> If there's a tension T in the ropes across the top they'll be pulling the walls inward with a force of T causing a torque of T*height.

Almost, you'd still have to subtract the friction component across the 90 degree angle where the cable hangs down from the edge near the porthole but that's probably relatively small compared to the total (depends on cable material and any kind of padding they put in between the cable and the concrete).

It would have been a lot better to sling those cables through the portholes on both sides and to make it loop the bridge, one person would have to rappel down to get that started but you'd have zero load on the walls.

The longer I think about this the more I think those guys and girls were extremely lucky and I hope that this will not inspire any copycats to try this with other bridges or even the same one. It's a long way down.

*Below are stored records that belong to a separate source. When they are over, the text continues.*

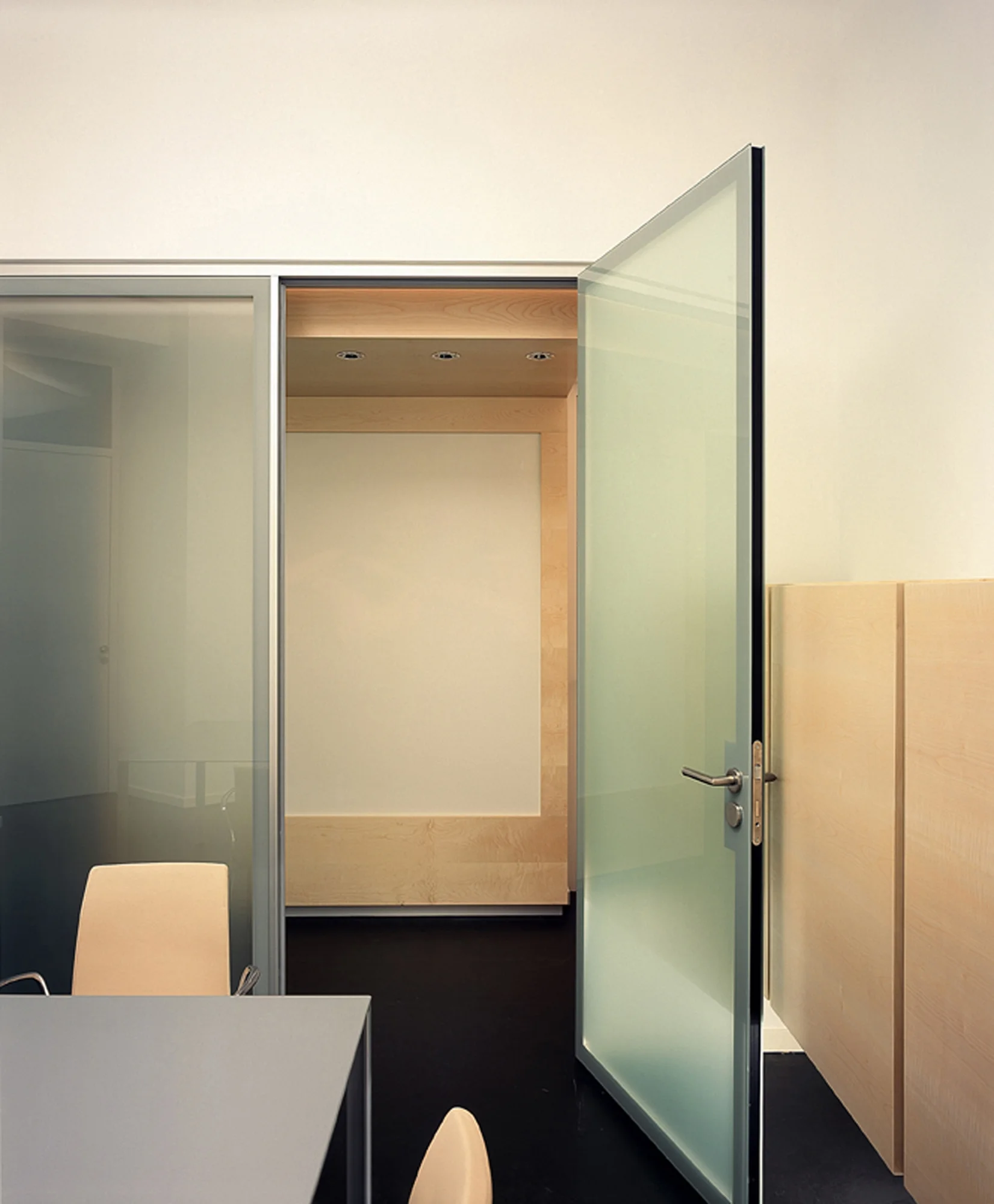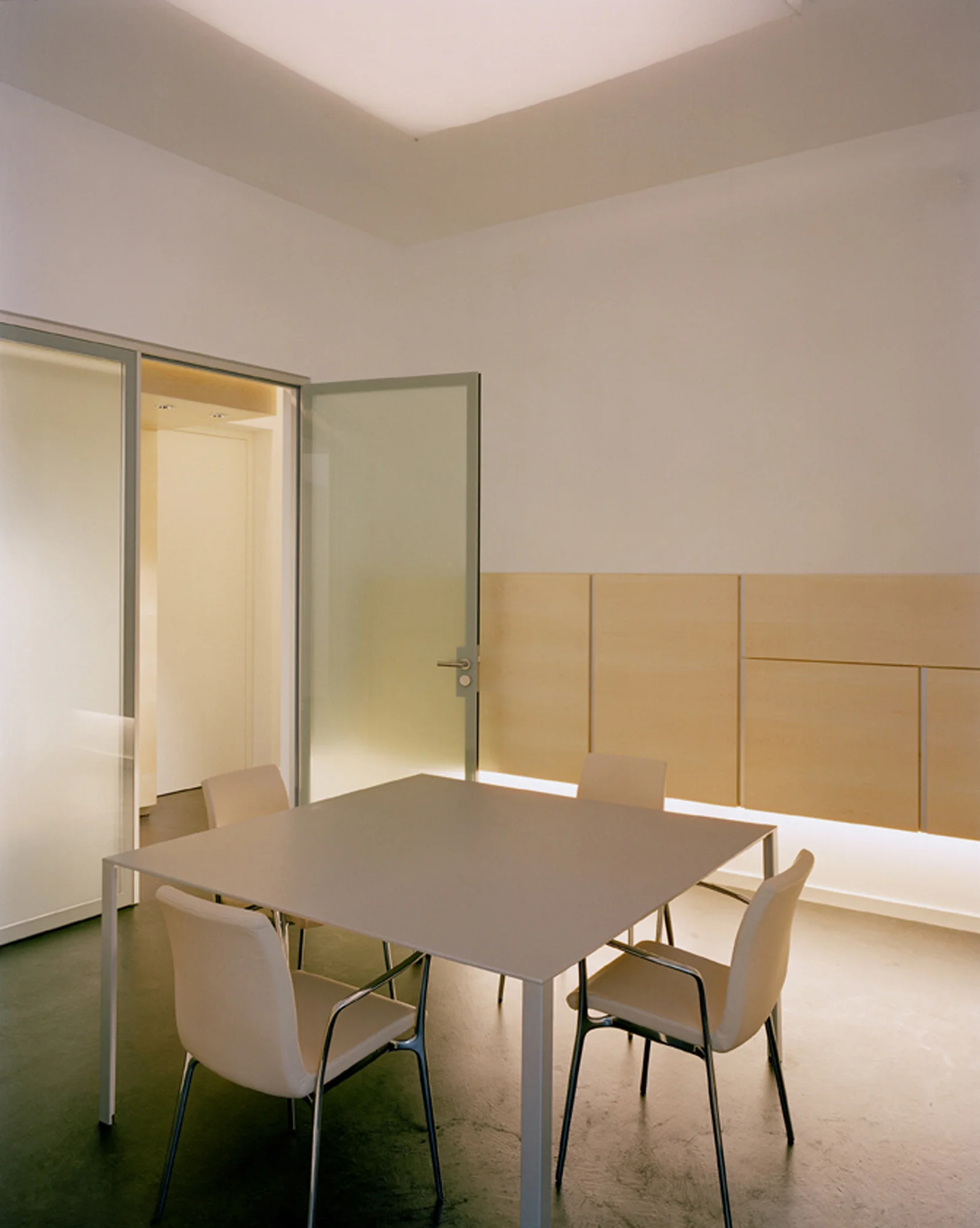 Bei der Zahnarztpraxis Dr. Denninger & Schmich war vom Anfang an das Bestreben, die Architektur mit der Zahnmedizin in eine symbiotische Beziehung zu setzen. Symbiose im Technisch / Funktionalen, sowie Symbiose im Materiellen wie Ästhetischen. Der klar gegliederte Grundriss ist genau auf die Funktionsabläufe des Arztbetriebes abgestimmt. Eine eindeutige räumliche Zonierung zwischen Öffentlichkeit / Patientenbereich und Privatem Arztinternen Betrieb erlauben einen professionellen und zeitgemäßen Praxisbetrieb und Diskretion für den Einzelnen. Die Wahl des schwarzen Gussasphaltestrichs mit matter Oberfläche reflektiert den Wunsch nach Werkstattatmosphäre und steht im spannungsvollen Kontrast zu den sonst sehr edlen Oberflächen: Europäischer Ahorn und weißer Klavierlack für die Möbel der Arztpraxis, Aluminium für den Zahntechnischen Bereich, weißer Korean für die medizinischen Arbeitsflächen, und beiges Leder für die Polsterflächen.
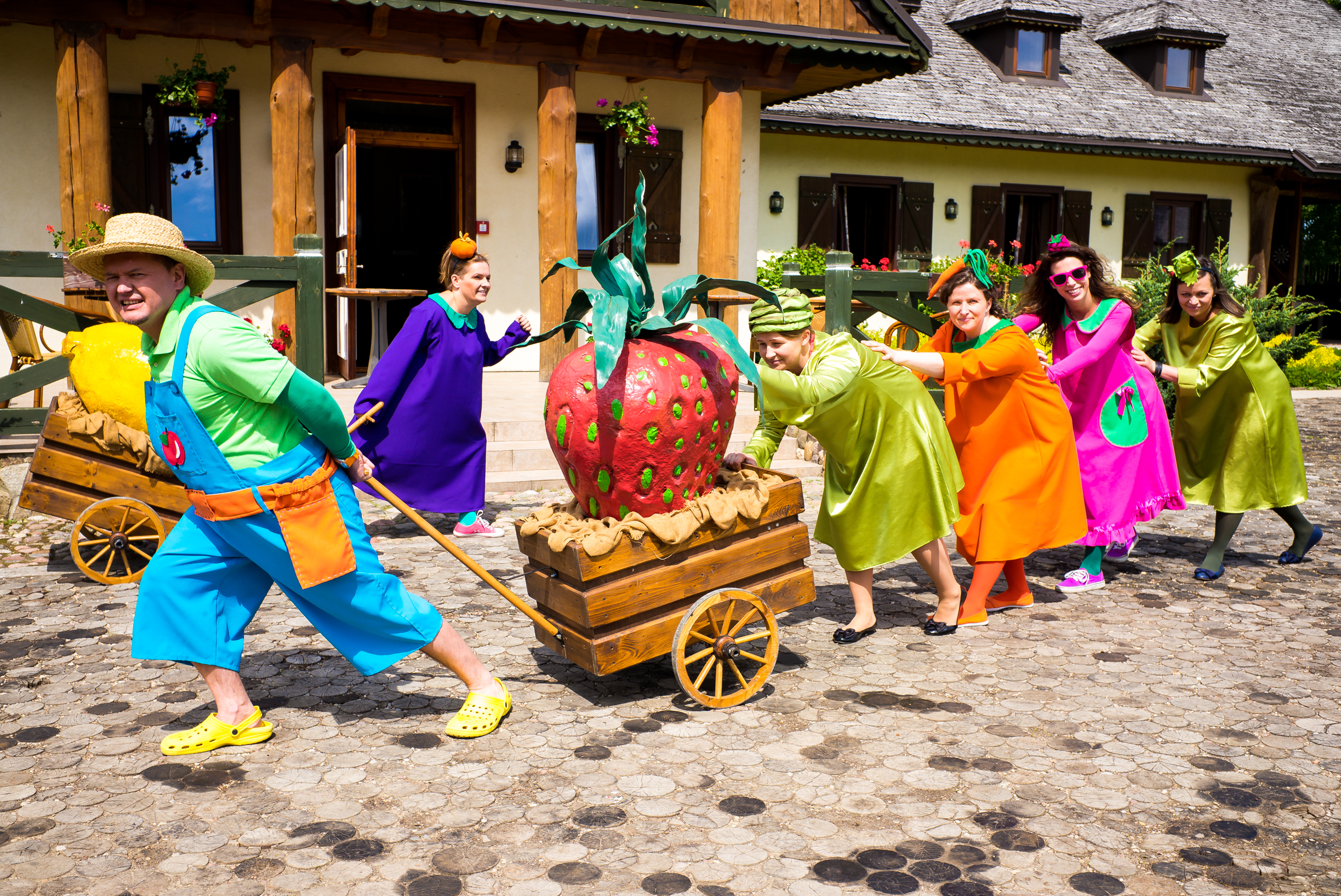 Dysponujemy bazą tematów i setkami kostiumów, jednak za każdym razem piszemy unikalny scenariusz, który dostosowujemy ściśle do potrzeb zleceniodawcy, wymogów sali i otoczenia, a także pory dnia czy pory roku. Jeśli nowy pomysł tego wymaga, przygotowujemy również profesjonalną scenografię i odpowiednie stroje.
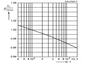 電解電容的容量隨著測試頻率的升高而降低。電解電容容量-頻率特性曲線如下圖所示:
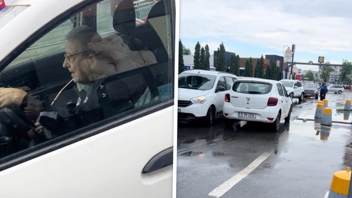 Opa en zijn naaimachine creëren chaos op de parkeerplaats van de lokale supermarkt
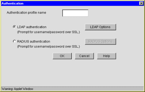 Enable Authentication: Checking this box causes the appliance to require authentication of users wanting to use its Web server accelerator services. Clicking Authentication Options displays the Add Authentication Profiles dialog box.
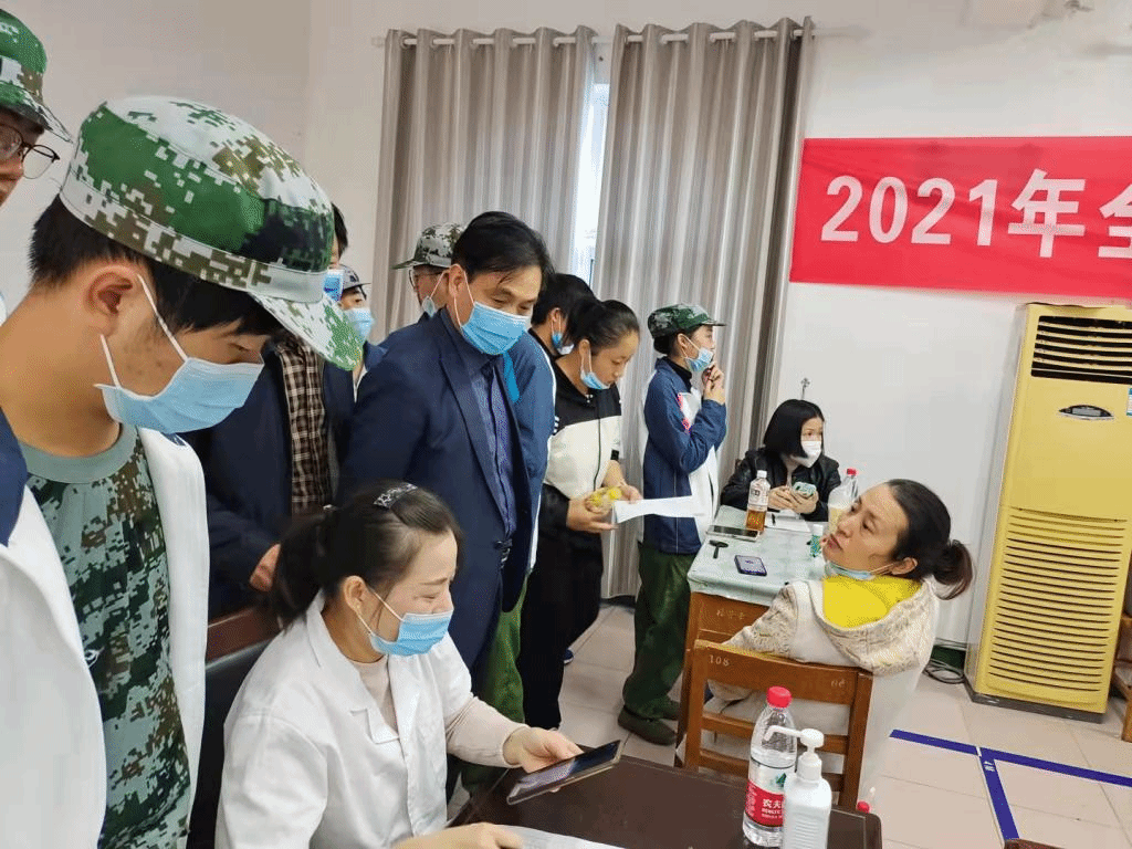 为了全面贯彻落实国家教育部颁发的《全国学校卫生工作条例》《普通高等学校学生管理规定》,根据江西省《关于规范全省大中学校学生健康体检项目及费用标准的通知》(赣教体艺字【2011】32号)和《九江学院学生管理规定》的要求,在学校的统一安排和部署下,在党院办、学生处、团委、后勤管理处、各校区和各二级学院等单位的大力支持下,我校2021年级学生入学体检复查工作于10月27日拉开序幕。期间,副校长杨耀防在校医院负责人等的陪同下到现场指导新生入学体检复查工作。
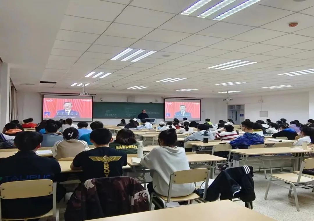 2022级学生于南教625、626教室集体观看党的二十大开幕会。
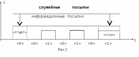 В реальных условиях как правило, в состав кодовой комбинации, кроме информационных посылок, т.е. тех, с помощью которых непосредственно кодируются символы, входят также служебные посылки, необходимые для обеспечения работы оконечных телеграфных устройств (ОТУ). Так, в старт-стопных телеграфных аппаратах это стартовая - бестоковая и стоповая - токовая посылки. Таким образом, в целом кодовая комбинация содержит семь двоичных импульсов, см. рис.2, из которых пять - информационных и два служебных.
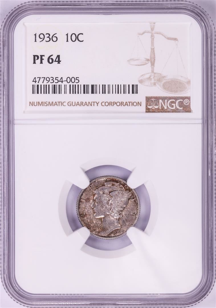 One 1936 Proof Mercury Dime Coin NGC PF64. NGC Certified.

I prefer to live in a frictionless world :) It looks like it was rope on metal (http://jaccuzzi.ch/photos/700/1722_264_03.jpg) with a coef. of friction of 0.2. My gut says the friction force will be at most half horizontal. That puts friction an order of magnitude lower than T, though that is more than I expected. (edit: damn, it rounds the corner from vertical to past horizontal so my symmetry argument doesn't quite hold.)

Apparently the bridge carried cars at one point (http://en.wikipedia.org/wiki/Gueuroz_Bridge) so the wall was rated for vehicle impacts, which is good.

Why they went over the top of the walls I don't know, I think they wanted to measure the ropes exactly instead of adjusting it the day of. Like, that was where they drew the line of "unacceptable risk"? I agree a loop through the drain holes would have made their lives easier in a bunch of ways, except the tripping hazard would have made it a very risky project...

> I prefer to live in a frictionless world :)

Spherical cows look so much nicer too ;)